Сантамария огляделся и увидел, что Анна Карла сидит к нему спиной на полянке под гигантским кедром, серебристые листья которого почти касались земли. Рядом стояли плетеные бамбуковые кресла, в траве валялись газеты и журналы.
— Анна Карла, посмотри, кто к нам пожаловал! — крикнул Кампи, когда они уже почти подошли к полянке.
Анна Карла обернулась, готовая одарить гостя дежурной улыбкой, но, узнав Сантамарию, сразу поднялась и торопливо пошла ему навстречу. Лицо ее выражало искреннюю, нескрываемую радость. Сантамарии показалось, что он никогда в жизни своей не видел столь красивой женщины и никогда еще он не испытывал такой нежности.
Может, это после Реджиса и его отвратительной физиономии, подумал Сантамария, ища спасения в иронии, факты, нужно держаться фактов.
— Что вы нам скажете, комиссар?
Она так же, как и Кампи, понимала: Сантамария не приехал бы, не будь серьезной причины. Но Кампи и тут старался навязать светские правила игры. А вот Анна Карла вела себя естественно и просто.
— Преступление раскрыто, — тусклым голосом объяснил Кампи. — Как видишь, комиссар нашел трубу.
Анна Карла решила, что Массимо шутит, но комиссар даже не улыбнулся.
— Серьезно? — взволнованно спросила она.
— Да, но это не труба, а свернутый лист ватмана, проект, — сказал Сантамария.
— Ах так! — воскликнул Кампи, разломив ветку надвое. — Значит, побудительной причиной было… Дайте мне подумать…
Сантамария дал ему подумать.
— Присядьте хоть на минуту, — вполголоса попросила Анна Карла.
— Нет-нет, я лучше постою, — ответил Сантамария.
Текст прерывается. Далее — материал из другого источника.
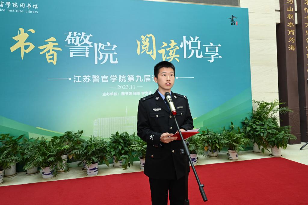 2022级刑技2区队的殷语同学作为读书标兵代表发言,他表示作为新时代的警校生,要充分利用图书馆资源,不断提升人文素养和专业水平,从而更好地适应新时代公安执法工作的需求,实现人生价值。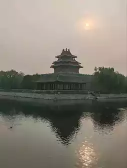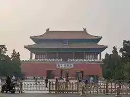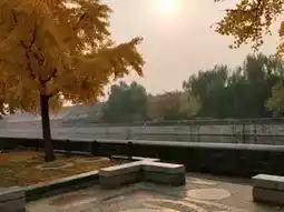 Stepping out from Beihai Park's south gate and heading eastward, we were greeted by ancient trees lining the city walls, their leaves ablaze in red and gold—autumn at its peak. Gingko trees along the road shimmered in dazzling yellow, harmonizing with the glazed tiles of the Forbidden City's corner towers. The moat's rippling water mirrored the clear sky and vibrant foliage, a sight that lifted the spirit. Continuing onward, we arrived at the entrance of Jingshan Park, facing the majestic Gate of Divine Prowess in the distance.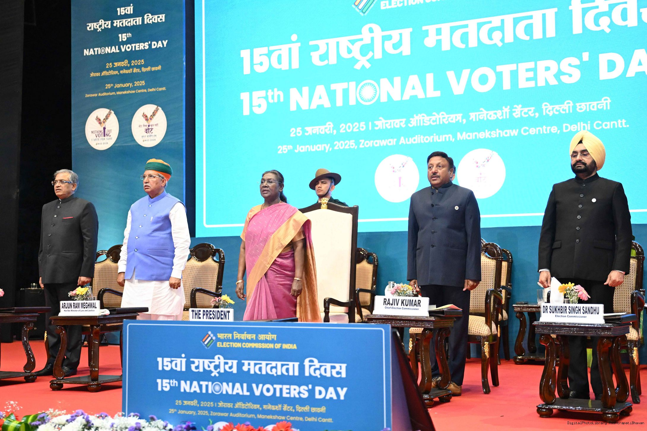 | Caption: | The President of India, Smt.Droupadi Murmu graced 15th National Voters’ Day Celebrations and presented the Best Electoral Practices Awards in New Delhi on January 25, 2025. |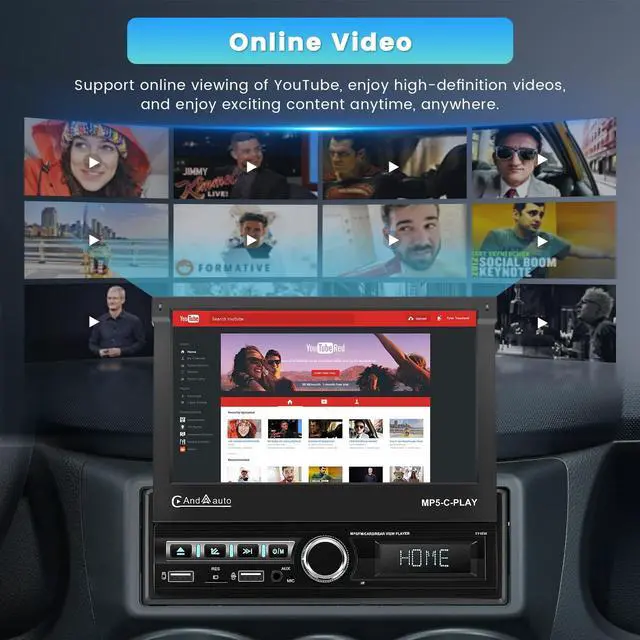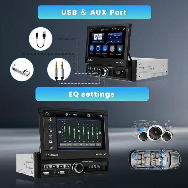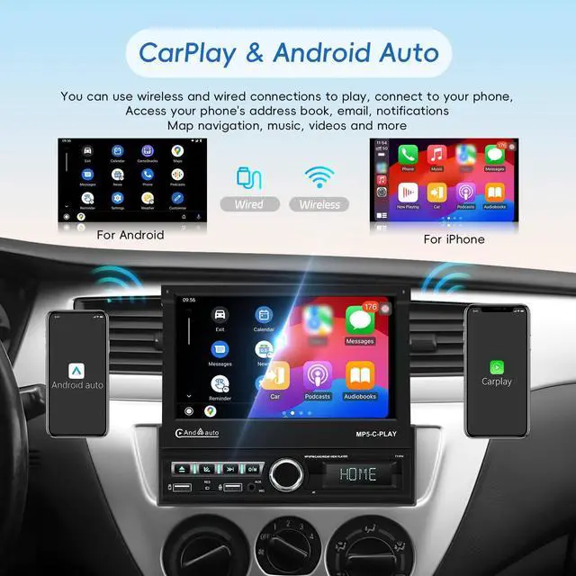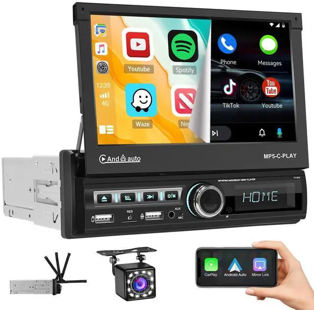 7 Inch HD Flip Out TouchscreenThe standard installation size of single din car radio: 7.4" (L) * 6.2" (H) * 7.7" (W) inch. Support USB input(for Wired Carplay/Android Auto, Flash drive, Mirror Link, phone fast charging), TF Card Port (supports 32GB), AUX, various playback methods. This motorized retractable screen supports button control. Simply press and hold the first button from left to right to control the angle of the screen, or press and hold the second button from left to right to control the screen's expansion ^^ Wireless/Wired Carplay Android Auto Mirror LinkAccess your phone's contacts, notifications, map navigation, music, videos, and more via Bluetooth using wireless Carplay Android Auto or a universal USB connection using wired Carplay Android Auto. It also has a built-in Mirror Link feature. You can share your phone's content with your family on the single din touchscreen ^^ Online VideoThis single din motorized car dash kit supports watching YouTube online, enjoying HD videos, and enjoying great content anytime, anywhere ^^ Bluetooth & FM & EQOur single din car stereo with bluetooth, support hands-free calling, phonebook download and music playback. You can listen to real-time traffic, news broadcasts, weather forecasts, and more with the FM feature.
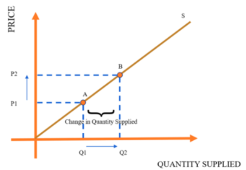 It is referred to as a change in quantity supplied since the term “supply” refers to the entire supply curve, while the term “quantity supplied” refers to a point on the supply curve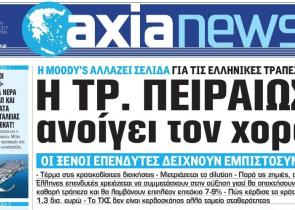 Με τίτλο: «H Τράπεζα Πειραιώς ανοίγει τον χορό» κυκλοφορεί αύριο, Σάββατο 3 Απριλίου, η «Axianews». H Moody΄s αλλάζει σελίδα για τις ελληνικές τράπεζ...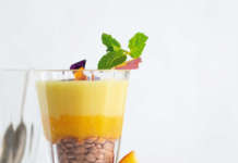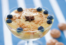 Pesche a strati con crema, amaretti e mirtilli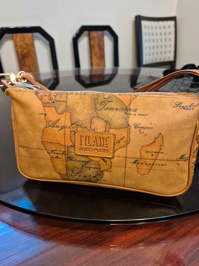 This Alviero Martini Prima Classe mini bag features the iconic world map print, perfect for adding a touch of vintage charm to your outfit. This used bag is in good condition, ready for a new adventure. Here are some details: * Brand: Alviero Martini Prima Classe * Print: World Map * Style: Mini Bag * Closure: Zipper Isn't it fun to think about where this bag has been? If the ad is up, it's still available, so let's make a deal!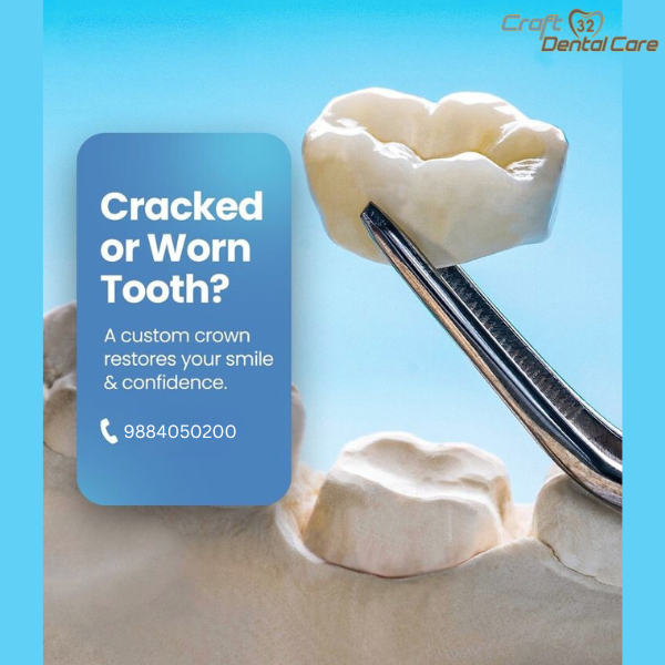 Cracked or worn teeth were successfully treated at Craft 32 Dental Care with precision and care. A custom-made dental crown was designed to perfectly restore the tooth’s strength, shape, and natural appearance. Advanced technology ensured an accurate fit and long-lasting results. The procedure was comfortable, minimally invasive, and focused on patient satisfaction. With this treatment, the patient’s smile, function, and confidence were beautifully restored.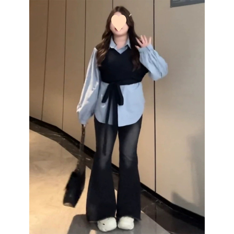 Женская рубашка больших размеров в ленивом стиле из двух частей с ремешками, осень 2025, новый модный топ для похудения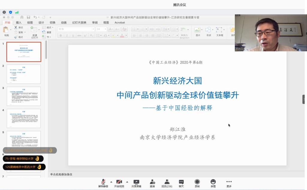 8月13日上午,南京大学郑江淮教授为暑期公司的学员们作了题为“新兴经济大国中间产品创新驱动全球价值链攀升”的专题讲座。讲座由公司崔向阳教授主持,暑期公司全体学员以及公司部分青年教师参加了讲座。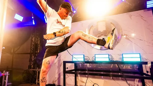 AKa Rinde Gewapend met een steel-string gitaar, monster basdrum, percussie, stem en een batterij wisselende units brengt de helft van DŸSE, door ons getypeerd als “Meister musikmauers” een ‘acoustic Molotov cocktail with attitude’.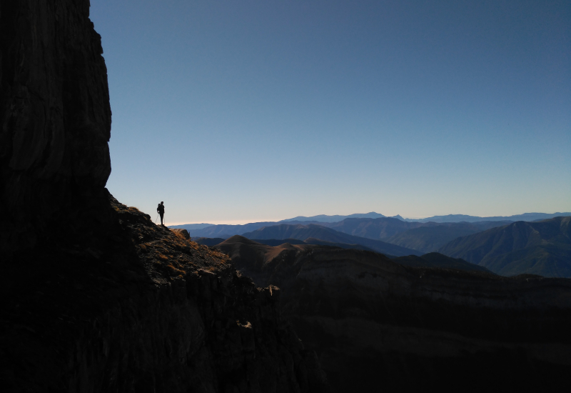 La etapa reina de este minitrekking es una sucesión de paisajes sobrecojedores, caminando por estas pequeñas superficies horizontales que los caprichos de la erosión han dejado en este entorno de verticalidad absoluta.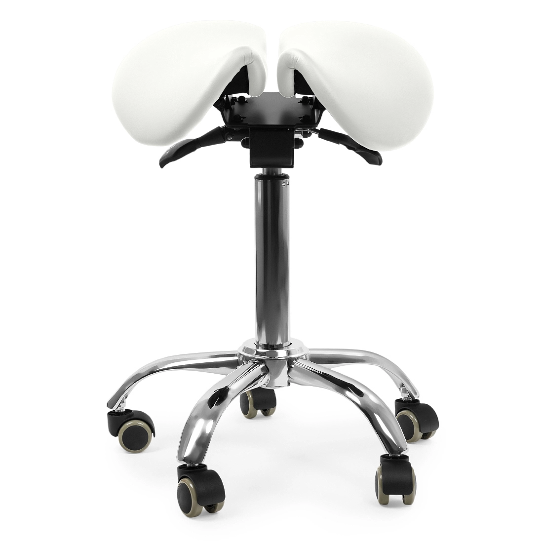 Beim Sitzen in einemzweiteiligen Stuhl Sattelstuhl wird Druck auf die für das Sitzen verantwortlichen Knochen ausgeübt, die Weichteile werden entlastet, so dass man länger in einer bequemen Position sitzen kann und die Durchblutung bleibt ungehindert.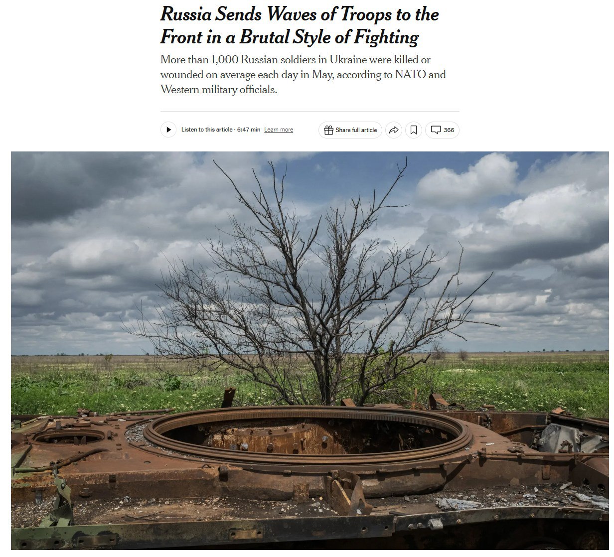 Россия набирает от 25 000 до 30 000 новых солдат в месяц. Это позволяет компенсировать примерно аналогичные потери, которые в мае составляли примерно по тысяче человек в день убитыми и ранеными.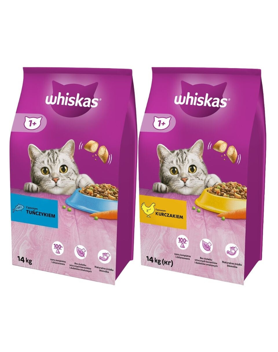 Suché krmivo WHISKAS pre dospelé mačky s tuniakom je plnohodnotné krmivo s optimálnym zložením a lahodnou chuťou. Ich zloženie vyvinuli odborníci na výživu a veterinári z Centra výživy zvierat WALTHAM a obsahujú všetko, čo podporuje funkciu vašej mačky v kľúčových oblastiach. Prídavok vitamínu A má posilňujúci účinok na oči, zatiaľ čo prítomnosť omega-6 mastných kyselín a zinku podporuje zdravú kožu a srsť. Optimálny obsah minerálov v krmive WHISKAS® pomáha vašej mačke udržiavať zdravé močové cesty po dlhé roky. Špeciálna, mierne abrazívna štruktúra granúl znižuje tvorbu zubného kameňa a pomáha udržiavať zuby vášho mačacieho priateľa zdravé.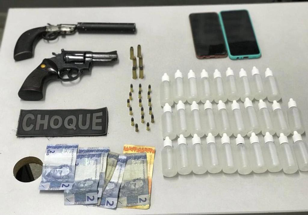 Policiais militares da 5ª Companhia de Policiamento de Choque do Batalhão de Operações Especiais (Bope) realizavam o patrulhamento tático móvel daquela região, quando perceberam um veículo com quatro homens em seu interior. Ao notarem a presença dos policiais, os suspeitos tentaram fugir da abordagem, mas foram detidos. A ação culminou na localização de 29 frascos de loló, apreensão de duas armas de fogo, sendo uma calibre 38 e outra calibre 22, 23 munições e na condução de quatro suspeitos à delegacia.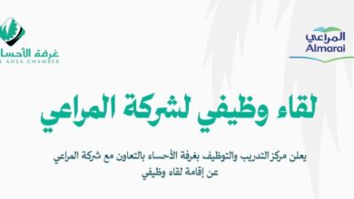 أعلن مركز التدريب والتوظيف بغرفة الأحساء بالتعاون مع شركة المراعي عن إقامة لقاء وظيفي لشغل العديد من الوظائف الشاغرة للعمل في المنطقة الوسطى

— Вижу служебные кабинеты, — по слогам, словно ясновидец, проговорил Кампи, — много служебных кабинетов… Коррупцию или шантаж… Строительную аферу. Много миллионов.
— Браво, — сказал Сантамария.
— Лелло обо всем этом узнал, и потому его убили!
— Да, вы угадали.
— О, но все-таки! — воскликнула Анна Карла.
— Что с тобой? — холодно спросил Кампи.
— Но все-таки, кто же убил Гарроне и Лелло? Вы это знаете, комиссар?
— Да, — помолчав, ответил Сантамария. — И знаю, что их убили не вы. Я специально приехал, чтобы вам об этом сказать.
Кампи едва заметно поклонился Сантамарии.
— Не сочтите меня самонадеянным, но я это знал и прежде.
— Да, но я-то не знал, синьор Кампи. Поставьте себя на мое место.
Кампи расщепил веточку на тоненькие кусочки, а потом бросил их далеко в траву.
— Во всяком случае, я не держу на вас зла. И надеюсь, Анна Карла тоже.
— За то, что комиссар подозревал нас?! Да у него на это были все основания!
— Нет, глупая, за то, что он в действительности вовсе нас не подозревал и не принимал всерьез. Теперь вы можете в этом признаться, не правда ли, комиссар?!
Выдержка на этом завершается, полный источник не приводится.